To answer this question we actually need to look at the games that Let's Go Pikachu and Eevee are effectively reproducing: Pokémon Red and Blue. Red first released back in 1996 for the Game Boy in Japan, and both games came to North America in 1998 (Europe had to wait until 1999), becoming instant hits everywhere they landed. Pokémon fever took over as kids and adults alike took to the Kanto region to collect 'em all. Game Freak had struck gold, and they'd strike gold again when the Yellow version came out to enhance these two games, except this time with Pikachu as your starting choice.
There is a boatload of reasons why Pokémon resonated so well with people as a concept, but one of the main pillars of this was (and still is) the pokémon themselves. All 150 pokémon brought their own flavour, abilities, personalities, and more to the game, which was then explored in more depth in the anime, and this gave everything a personalised feel. "Oh you have Charmander, well I have Bulbasaur" was a phrase you might have heard at the time, as each player's squad of beasties was unique to them. You could even name your pokémon however you wanted to too.
Then came the social aspect of these Pokémon titles, as not only could you grab a bunch of wires to hook your Game Boys together and battle for supremacy, but you could also trade with each other to get the Pokémon you always dreamt of.

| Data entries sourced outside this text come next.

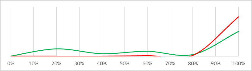 In the diagram below I have colour-coded the diagram above to make this point. The red area are draws which are low enough that they make a difference to the overall result (<10%), the orangey-yellow area are draws middling enough that they don’t really affect the final result on expectation and the green area are draws high enough that we might expect them to cancel out the draws in the low area (>90%)
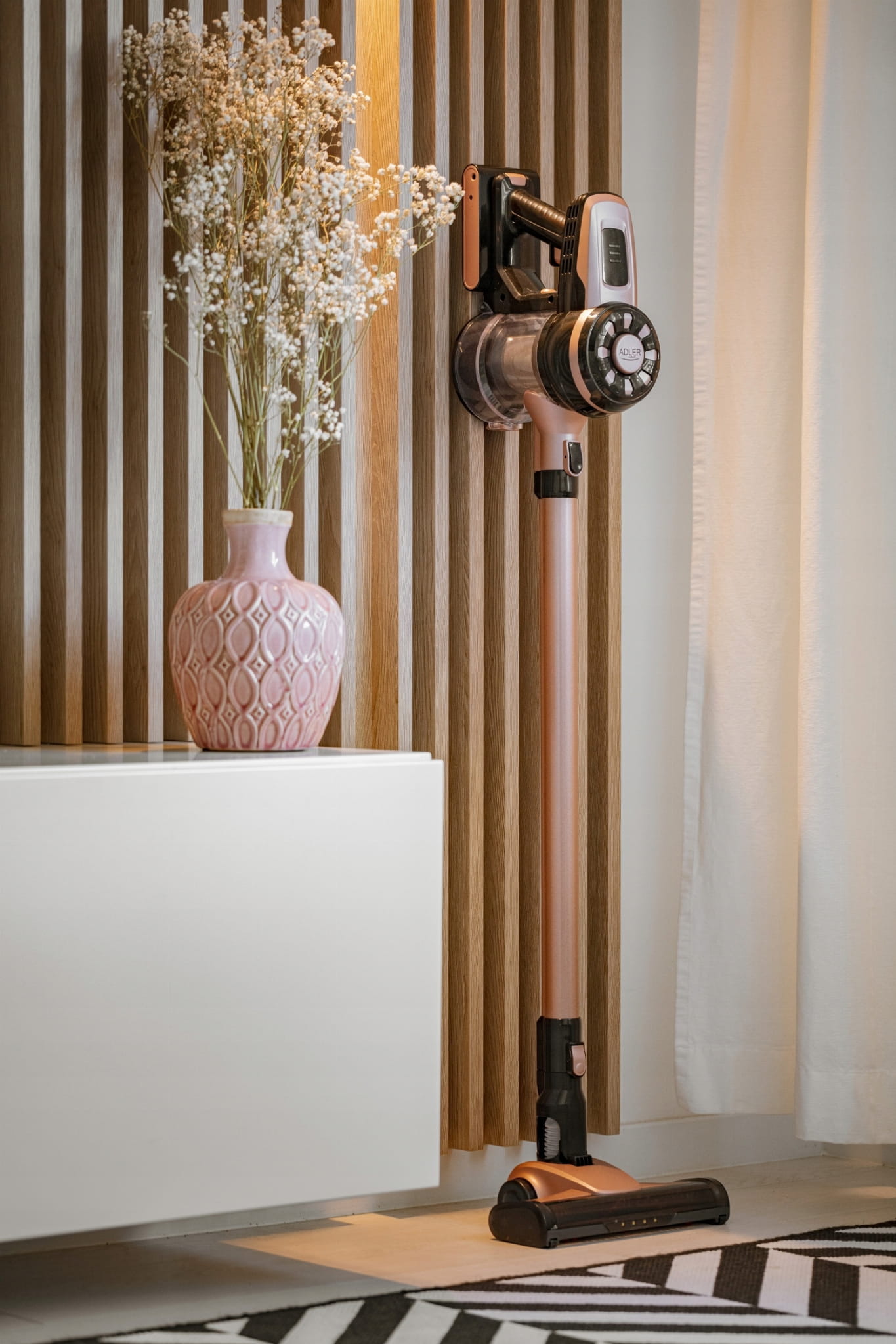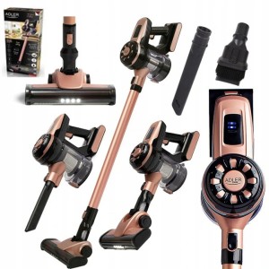 Odkurzacz pionowy bezworkowy Adler AD 7044 dzięki mocy ssania do 12000 Pa i trybowi TURBO skutecznie usuwa kurz z dywanów i tapicerki. Bezprzewodowa konstrukcja oraz czas pracy do 40 minut zapewniają swobodne sprzątanie całego mieszkania bez szukania gniazdka. W komplecie otrzymasz praktyczny uchwyt ścienny z poziomicą oraz trzy funkcjonalne nakładki do każdego rodzaju powierzchni.
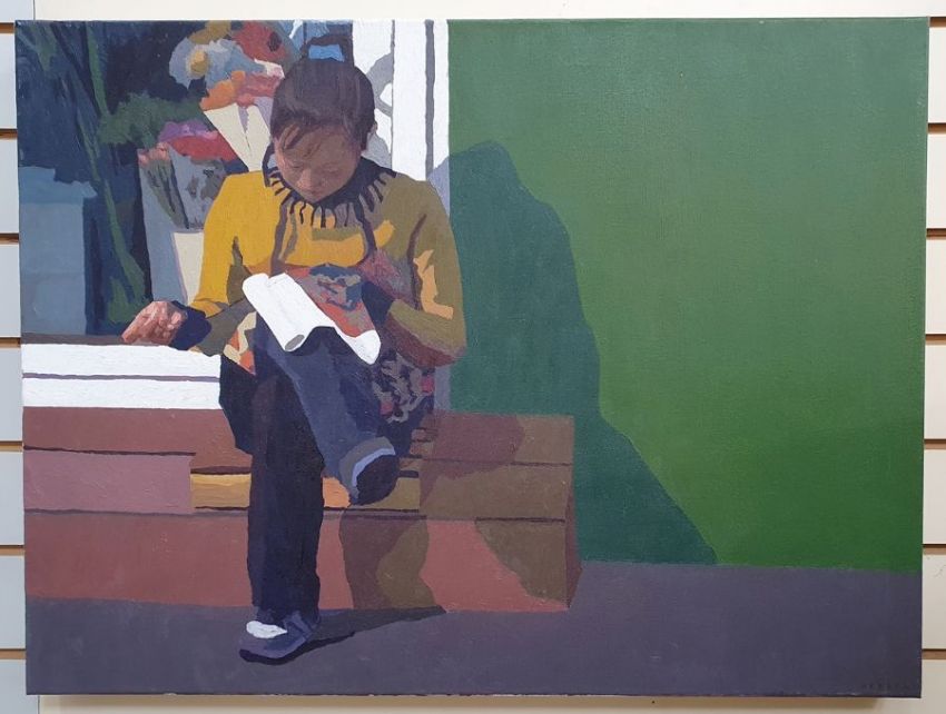 H R Bell (b.1976)Oil on canvas"Embroidered II", 2013, signed lower right, bears Francis Kyle Gallery London label verso and original sales receipt, 60cm x 80cm
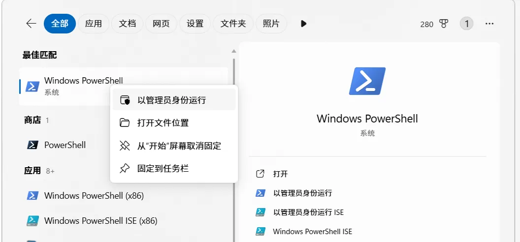 右键「Windows PowerShell」→ 选择「以管理员身份运行」(关键!普通模式会安装失败)

Inclusion, cooperation, and competition is a recipe for success with kids, and hell, even the adults wanted a piece of each other to show who was the best trainer in the office.
While JRPGs might be a bit daunting, Pokémon had this clever method of hiding its RPG nature behind the cute facade of this colourful critters. This wasn't your Final Fantasy or Dragon Quest - this was simpler as a concept and way more accessible. All you had to do was defeat trainers to get gym badges, before eventually going on to face the very best and prove yourself a champion. There were a few bells and whistles of course, but that was the overarching narrative of the experience, and it just worked.
The turn-based battle system was also made a lot simpler and easy to understand, as there were four options (fight, run, item, or change pokémon), with four more options when you chose to attack. Keeping things tight like this meant it was easy to keep track of what your capabilities were, and with only six pokémon to rotate at any one time, it never felt like juggling plates. It became a case of grinding and tailoring your Pokémon to be the very best.
Then came the elemental effects, which meant you had to know which attacks were most effective against what pokémon, and which attacks you were vulnerable against. All of this became a learning experience as you used your Prima guide to figure out how to beat gym trainers, ask your buddies what your pokémon were weak against, and planned ahead for each fight. All of this made it easy to learn but hard to master, and the feeling of satisfaction when besting a tough competitor was immense.
There are a ton of other reasons why Pokémon Red, Blue, and Yellow took off so well, but all you need to know is that it introduced the core concepts of the franchise that would persist to this very day. Sequels have come along to tweak and add stuff to the formula, but this was Pokémon at its purest form, and we have it to thank for the hours of fun we've been having collecting pokémon ever since, whether that's the stuffed toys on your shelf or the monsters on your phone.